■ **Extracted information**
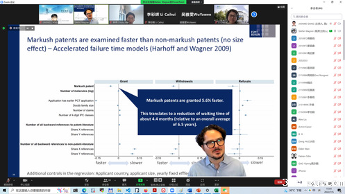 欧洲管理技术学院Stefan Wagner教授报告了其在Research Policy上新发表的论文“Mapping Markush”,探讨了马库什专利对专利审查和医药创新的影响。马库什结构是一种特殊的化学分子结构,以马库什方式撰写的专利权利要求可以保护具有相似结构的一类化学药品。学术界和产业界就马库什专利的审查负担、专利壁垒等问题存在众多争议,但是这些争议长期未能得到实证研究的检验。Wagner 教授基于大量医药专利数据,首次从实证上证明:与普遍认知不同,马库什专利并没有导致专利审查周期延长,但其确实更容易形成专利壁垒,降低后续发明专利申请的授权率。来自知名医药企业的知识产权主管和药品研发项目主管与学术界的研究者围绕Wagner 教授的报告展开了热烈的讨论。业界的专家普遍认为,目前我国对马库什专利的保护力度在平衡创新者和社会公众利益方面较为合理。尽管马库什专利对采用微调分子结构等方式进行的微型医药创新形成了壁垒,但其能够推动药企尝试开拓更多药品研发技术方向,客观上增加了社会大众能够获得的新药种类。哈尔滨工业大学(深圳)的火栋副教授、瑞典哥德堡大学的陈栗助理教授、国知院任声策教授、刘夏助理教授等围绕马库什专利的一揽子许可、企业药品研发与专利布局策略的决策机制、马库什专利审查周期等问题与Wagner教授及业内专家进行了深入交流。
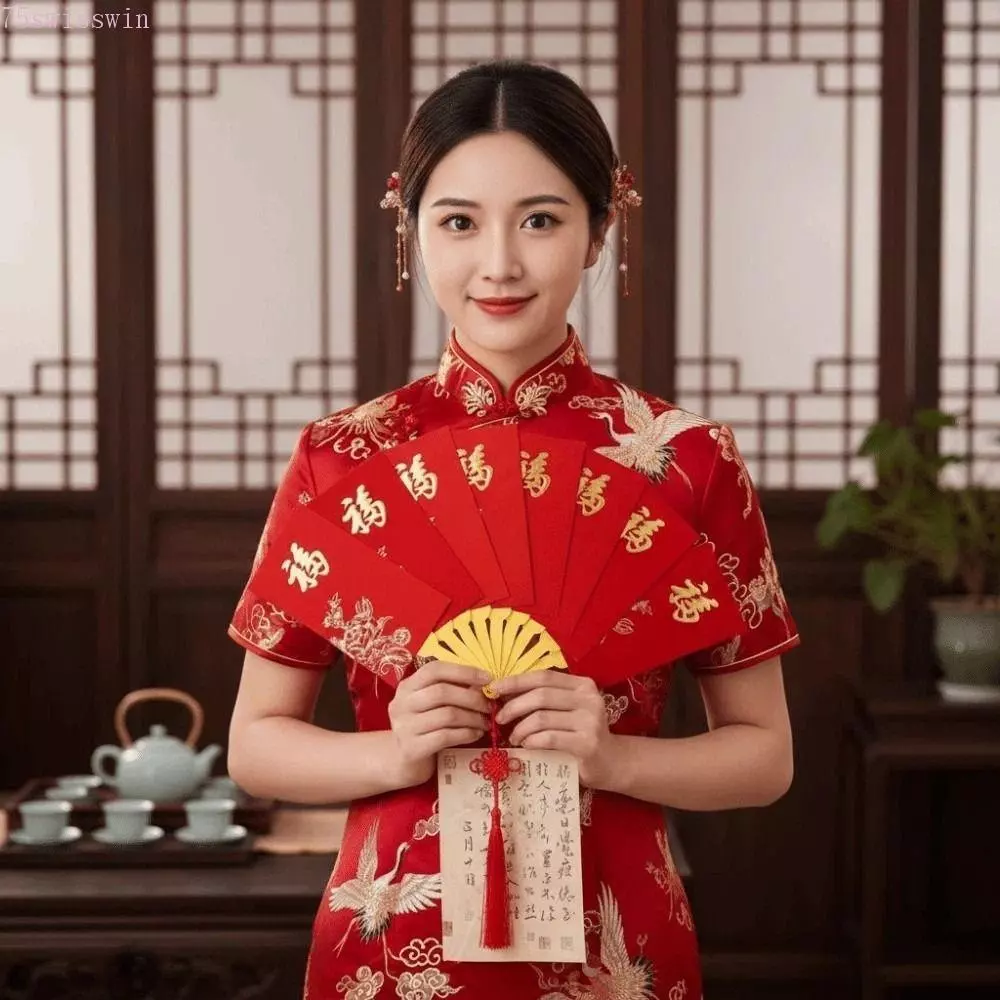 🔥 SWISSWIN Thiết kế quạt Phong bì màu đỏ, 10 thẻ truyền thống Lễ hội mùa xuân Ví đỏ, Túi đựng tiền có nút thắt Giấy Hongbao Bonus Túi đựng tiền trẻ em sinh nhật đang giảm giá!
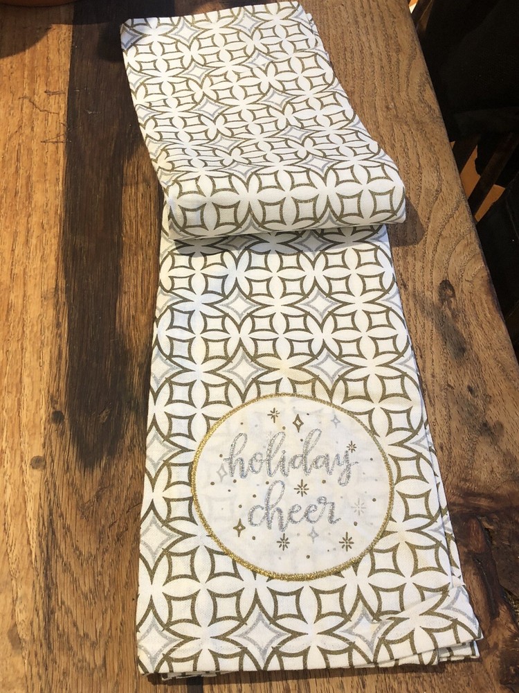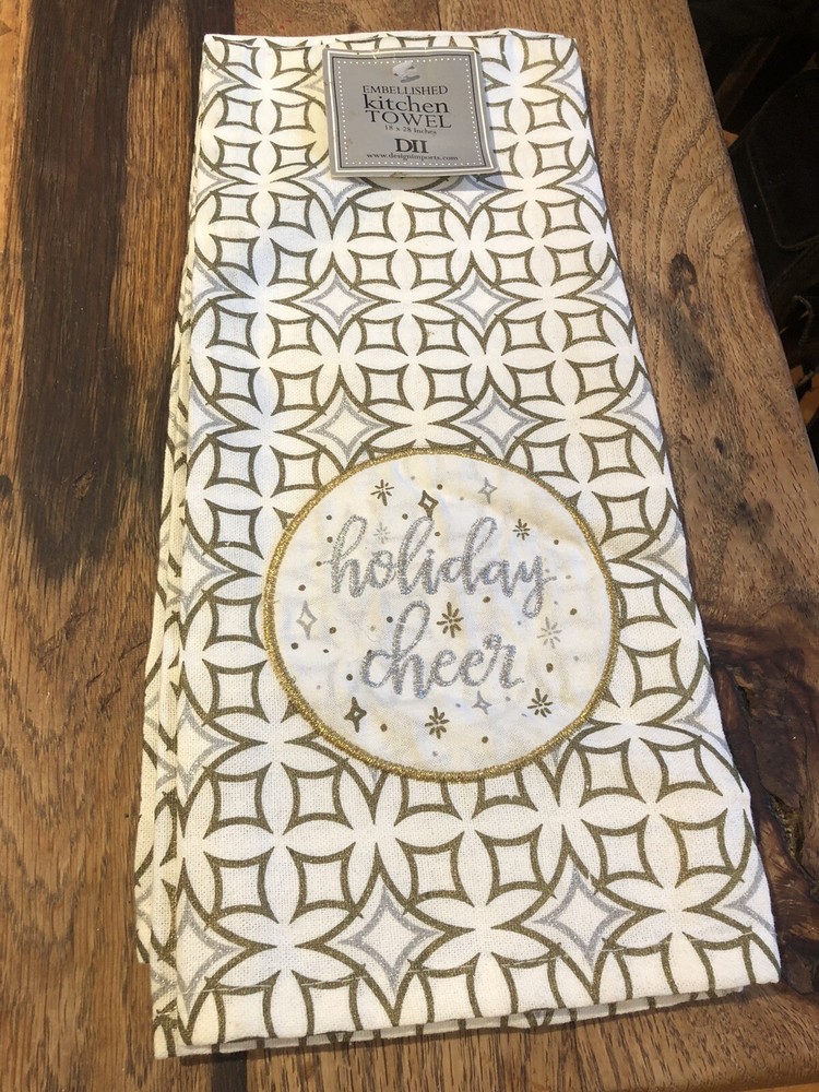 I'm offering this pretty set of holidays kitchen / tea towels that are NEW with tags They measure 28" long X 18" wide, have silver & gold glittering designs embellishments These are very festive & would brighten your home or make a lovely holiday gift. they come from a smoke free / cat free home
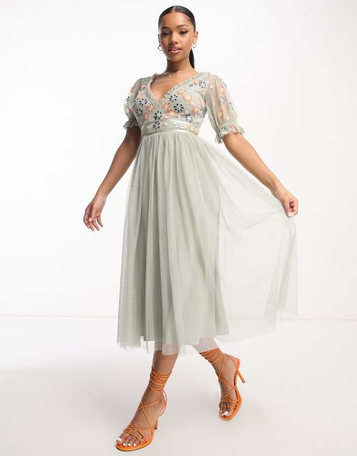Maya ruffle sleeve midi dress with embroidery in sage
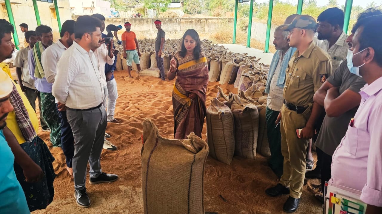 ರಾಗಿ ಕೇಂದ್ರಕ್ಕೆ ಬರುವ ರೈತರಿಗೆ ಯಾವುದೇ ಸಮಸ್ಯೆಗಳಾಗದಂತೆ ತೂಕದಲ್ಲಿ ವ್ಯತ್ಯಾಸ ಮಾಡಬಾರದು ಮತ್ತು ಮೂಲಭೂತ ಸೌಕರ್ಯಗಳನ್ನು ನೀಡಬೇಕು. ರಾಗಿ ಕೇಂದ್ರದಲ್ಲಿ ತೂಕದಲ್ಲಿ ವ್ಯತ್ಯಾಸ ಲೇಬರ್ಗಳ ಸಮಸ್ಯೆ ಮತ್ತು ರೈತರಿಂದ ಹಣವನ್ನು ಪಡೆಯುತ್ತಿದ್ದಾರೆ ಎಂಬ ಮಾಹಿತಿಯ ಮೇರೆಗೆ ಇಂದು ತಾವು ಖುದ್ದಾಗಿ ಬಂದು ರೈತರ ಸಮ್ಮುಖದಲ್ಲಿ ತೂಕವನ್ನು ವೀಕ್ಷಿಸಿ ಅಧಿಕಾರಿಗಳಿಗೆ ತೂಕದಲ್ಲಿ ವ್ಯತ್ಯಾಸ ಮಾಡಬೇಡಿ ರೈತರಿಗೆ ಮೋಸ ಮಾಡಬೇಡಿ ಎಂದು ಹೇಳಿದರು ನಿಗದಿಯದ ಪ್ರತಿ ಮೂಟೆಗೆ 50 ಕೆಜಿ ಮಾತ್ರ ರಾಗಿಯನ್ನು ತೂಕ ಮಾಡಬೇಕು ಎಂದು ಹೇಳಿದರು ಮಾರಾಟ ಕೇಂದ್ರದಲ್ಲಿ ಬಂದಿದ್ದ ರೈತರರಲ್ಲಿ ಡಿಸಿ ಅವರು ನಿಮ್ಮಗಳಿಗೆ ಯಾವುದಾದರೂ ತೂಕದಲ್ಲಾಗಲಿ ಬೆಲೆಯಲಾಗಲಿ ವ್ಯತ್ಯಾಸವಾದರೆ ನಮಗೆ ತಿಳಿಸಿ ನಾವು ಸೂಕ್ತ ಕ್ರಮ ತೆಗೆದುಕೊಂಡು ರೈತರಿಗೆ ಅನುಕೂಲವಾಗುವಂತೆ ನಿಮ್ಮ ಜೊತೆ ನಾವು ಇರುತ್ತೇವೆ ಎಂದು ರೈತರಿಗೆ ಧೈರ್ಯ ಹೇಳಿದರು. ಮತ್ತು ಇನ್ನು ನೋಂದಣಿಯಾಗದ ರೈತರು ರಾಗಿ ಬೆಳೆಗಾರರು ನೋಂದಣಿ ಮಾಡಿಕೊಂಡು ಮಾರಾಟವಾದ ರಾಗಿಯ ಹಣವನ್ನು ತಮ್ಮ ಖಾತೆಗಳಿಗೆ ಜಮ.ಮಾಡುವುದಾಗಿ ತಿಳಿಸಿದರು ಈ ರಾಗಿ ಕೇಂದ್ರವನ್ನು ಶಾಸಕರು ಅಕ್ಕಿರಾಂಪುರದಲ್ಲಿ ಪ್ರಾರಂಭಿಸಿದ್ದರಿಂದ ಈ ಭಾಗದ ಜನರಿಗೆ ರೈತರಿಗೆ ತುಂಬಾ ಅನುಕೂಲವಾಗಿದೆ ಎಂದು ಹೇಳಿದರು. ಜಿಲ್ಲಾಧಿಕಾರಿಯೊಂದಿಗೆ ಕೊರಟಗೆರೆ ತಾಶಿಲ್ದಾರ್ ಮಂಜುನಾಥ್ ಕೆ ರವರು ಭಾಗಿಯಾಗಿ ರೈತರ ಸಮಸ್ಯೆಗಳನ್ನು ಆಲಿಸಿ ಯಾವುದೇ ತೊಂದರೆಯಾಗದಂತೆ ವಹಿವಾಟುವನ್ನು ನಡೆಸುವುದಾಗಿ ಹೇಳಿದರು.

■ **About this task**
Set down all the material exactly once more. No pictures.

■ **Task result**
 欧洲管理技术学院Stefan Wagner教授报告了其在Research Policy上新发表的论文“Mapping Markush”,探讨了马库什专利对专利审查和医药创新的影响。马库什结构是一种特殊的化学分子结构,以马库什方式撰写的专利权利要求可以保护具有相似结构的一类化学药品。学术界和产业界就马库什专利的审查负担、专利壁垒等问题存在众多争议,但是这些争议长期未能得到实证研究的检验。Wagner 教授基于大量医药专利数据,首次从实证上证明:与普遍认知不同,马库什专利并没有导致专利审查周期延长,但其确实更容易形成专利壁垒,降低后续发明专利申请的授权率。来自知名医药企业的知识产权主管和药品研发项目主管与学术界的研究者围绕Wagner 教授的报告展开了热烈的讨论。业界的专家普遍认为,目前我国对马库什专利的保护力度在平衡创新者和社会公众利益方面较为合理。尽管马库什专利对采用微调分子结构等方式进行的微型医药创新形成了壁垒,但其能够推动药企尝试开拓更多药品研发技术方向,客观上增加了社会大众能够获得的新药种类。哈尔滨工业大学(深圳)的火栋副教授、瑞典哥德堡大学的陈栗助理教授、国知院任声策教授、刘夏助理教授等围绕马库什专利的一揽子许可、企业药品研发与专利布局策略的决策机制、马库什专利审查周期等问题与Wagner教授及业内专家进行了深入交流。
 🔥 SWISSWIN Thiết kế quạt Phong bì màu đỏ, 10 thẻ truyền thống Lễ hội mùa xuân Ví đỏ, Túi đựng tiền có nút thắt Giấy Hongbao Bonus Túi đựng tiền trẻ em sinh nhật đang giảm giá!
 I'm offering this pretty set of holidays kitchen / tea towels that are NEW with tags They measure 28" long X 18" wide, have silver & gold glittering designs embellishments These are very festive & would brighten your home or make a lovely holiday gift. they come from a smoke free / cat free home
Maya ruffle sleeve midi dress with embroidery in sage
 ರಾಗಿ ಕೇಂದ್ರಕ್ಕೆ ಬರುವ ರೈತರಿಗೆ ಯಾವುದೇ ಸಮಸ್ಯೆಗಳಾಗದಂತೆ ತೂಕದಲ್ಲಿ ವ್ಯತ್ಯಾಸ ಮಾಡಬಾರದು ಮತ್ತು ಮೂಲಭೂತ ಸೌಕರ್ಯಗಳನ್ನು ನೀಡಬೇಕು. ರಾಗಿ ಕೇಂದ್ರದಲ್ಲಿ ತೂಕದಲ್ಲಿ ವ್ಯತ್ಯಾಸ ಲೇಬರ್ಗಳ ಸಮಸ್ಯೆ ಮತ್ತು ರೈತರಿಂದ ಹಣವನ್ನು ಪಡೆಯುತ್ತಿದ್ದಾರೆ ಎಂಬ ಮಾಹಿತಿಯ ಮೇರೆಗೆ ಇಂದು ತಾವು ಖುದ್ದಾಗಿ ಬಂದು ರೈತರ ಸಮ್ಮುಖದಲ್ಲಿ ತೂಕವನ್ನು ವೀಕ್ಷಿಸಿ ಅಧಿಕಾರಿಗಳಿಗೆ ತೂಕದಲ್ಲಿ ವ್ಯತ್ಯಾಸ ಮಾಡಬೇಡಿ ರೈತರಿಗೆ ಮೋಸ ಮಾಡಬೇಡಿ ಎಂದು ಹೇಳಿದರು ನಿಗದಿಯದ ಪ್ರತಿ ಮೂಟೆಗೆ 50 ಕೆಜಿ ಮಾತ್ರ ರಾಗಿಯನ್ನು ತೂಕ ಮಾಡಬೇಕು ಎಂದು ಹೇಳಿದರು ಮಾರಾಟ ಕೇಂದ್ರದಲ್ಲಿ ಬಂದಿದ್ದ ರೈತರರಲ್ಲಿ ಡಿಸಿ ಅವರು ನಿಮ್ಮಗಳಿಗೆ ಯಾವುದಾದರೂ ತೂಕದಲ್ಲಾಗಲಿ ಬೆಲೆಯಲಾಗಲಿ ವ್ಯತ್ಯಾಸವಾದರೆ ನಮಗೆ ತಿಳಿಸಿ ನಾವು ಸೂಕ್ತ ಕ್ರಮ ತೆಗೆದುಕೊಂಡು ರೈತರಿಗೆ ಅನುಕೂಲವಾಗುವಂತೆ ನಿಮ್ಮ ಜೊತೆ ನಾವು ಇರುತ್ತೇವೆ ಎಂದು ರೈತರಿಗೆ ಧೈರ್ಯ ಹೇಳಿದರು. ಮತ್ತು ಇನ್ನು ನೋಂದಣಿಯಾಗದ ರೈತರು ರಾಗಿ ಬೆಳೆಗಾರರು ನೋಂದಣಿ ಮಾಡಿಕೊಂಡು ಮಾರಾಟವಾದ ರಾಗಿಯ ಹಣವನ್ನು ತಮ್ಮ ಖಾತೆಗಳಿಗೆ ಜಮ.ಮಾಡುವುದಾಗಿ ತಿಳಿಸಿದರು ಈ ರಾಗಿ ಕೇಂದ್ರವನ್ನು ಶಾಸಕರು ಅಕ್ಕಿರಾಂಪುರದಲ್ಲಿ ಪ್ರಾರಂಭಿಸಿದ್ದರಿಂದ ಈ ಭಾಗದ ಜನರಿಗೆ ರೈತರಿಗೆ ತುಂಬಾ ಅನುಕೂಲವಾಗಿದೆ ಎಂದು ಹೇಳಿದರು. ಜಿಲ್ಲಾಧಿಕಾರಿಯೊಂದಿಗೆ ಕೊರಟಗೆರೆ ತಾಶಿಲ್ದಾರ್ ಮಂಜುನಾಥ್ ಕೆ ರವರು ಭಾಗಿಯಾಗಿ ರೈತರ ಸಮಸ್ಯೆಗಳನ್ನು ಆಲಿಸಿ ಯಾವುದೇ ತೊಂದರೆಯಾಗದಂತೆ ವಹಿವಾಟುವನ್ನು ನಡೆಸುವುದಾಗಿ ಹೇಳಿದರು.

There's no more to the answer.